Chicago On Stage - Highly Recommended
"...Steppenwolf's Kate Arrington is one who has taken that plunge, and her first play, Another Marriage, proves that she does indeed have the ability to create three-dimensional characters as well as to surprise with her choices. Even the start of this domestic comedy suggests to the audience that they need to hold on to their figurative hats, that this play may cover well-worn territory, but it will not do so in any safe, familiar way. Before a word is spoken, a young red-haired woman (played by Nicole Scimeca) seemingly wanders onto the stage, looking around, even reacting to the pre-show announcement, a voice from the heavens. She sits down and types on the tablet she carries. She will do this throughout the play, and usually, as she types, her words appear on an overhead screen to set up-sometimes humorously-the scene to come."

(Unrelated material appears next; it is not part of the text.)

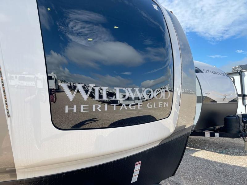 With any Wildwood Heritage Glen travel trailer by Forest River, the quality construction, attention to detail and design along with a bright and welcoming interior allows you to relax in comfort with conveniences while exploring outdoors. Each model includes a WeatherShield one piece fiberglass roof, Maxxis radial tires, and an enclosed underbelly with 12V tank heaters on all holding tanks for added protection. You will appreciate the on-demand tankless water heater, along with the 15K BTU Quite Cool A/C and 50 Amp service with a brace for a second A/C. There is an outside shower with hot and cold water, solar prep, a power tongue jack, plus many more exterior conveniences. Head inside to enjoy matte gold hardware, wood door casings in place of plastic door casings, and full length barreled ceilings for additional head room.
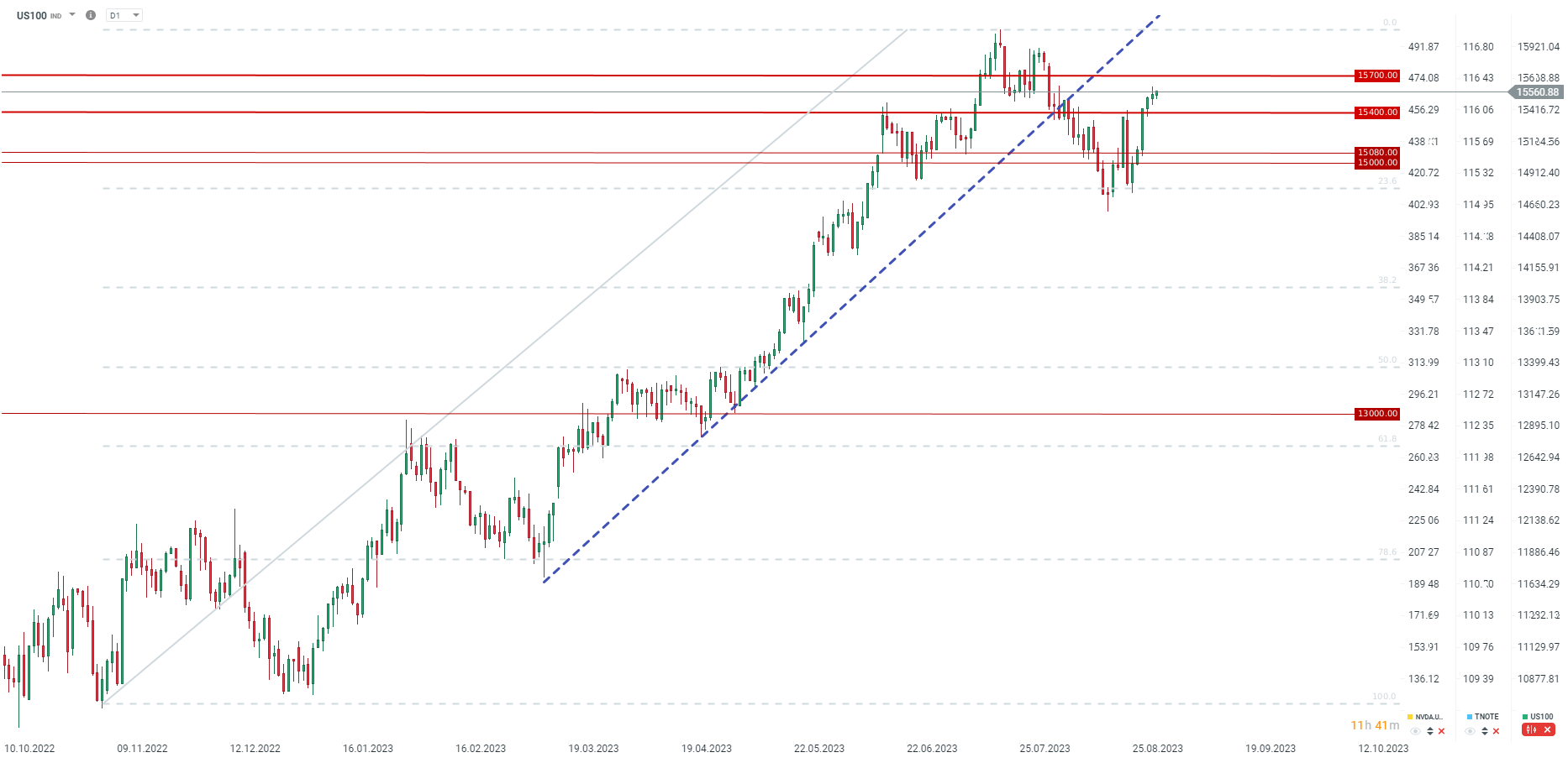 US100 po niemrawej wczorajszej sesji kontynuuje trend wzrostowy, testując okolice 15555 punktów. Słaby raport NFP może doprowadzić do przetestowania okolic 15700 punktów. Jeśli jednak wzrost zatrudnionych będzie solidny, wtedy będzie szansa na test wsparcia przy 15400 punktach. Źródło: xStation5

Chicago Culture Authority - Recommended
"...Are there accomplished men as emotionally clueless and unaware of the toxic impact of their privilege as Nick, the self-centered New York novelist at the center of Another Marriage at Steppenwolf Theatre? Unfortunately, yes. Are there professional young women as dumb and bumpkinish as Macassidy, the woman who lures Nick away from his talented and insightful wife, Sunny, and their infant daughter, Jo? Yep. But the play, written by Kate Arrington and directed by Terry Kinney-two of our most talented theater makers-would be more effective if it was not determined to hold those characters up to ridicule in every way possible."
Picture This Post - Highly Recommended
"...We watch Nick and Sunny grow alongside each other, and learn to navigate the trials and tribulations of romance. Early in their relationship, Sunny finds out Nick is part of a family of literary legends. Wanting to be a writer herself as well, his advantage in the world of literature and lack of awareness of it becomes a growing issue, launching an interesting reflection on competition, jealousy, and success within a relationship."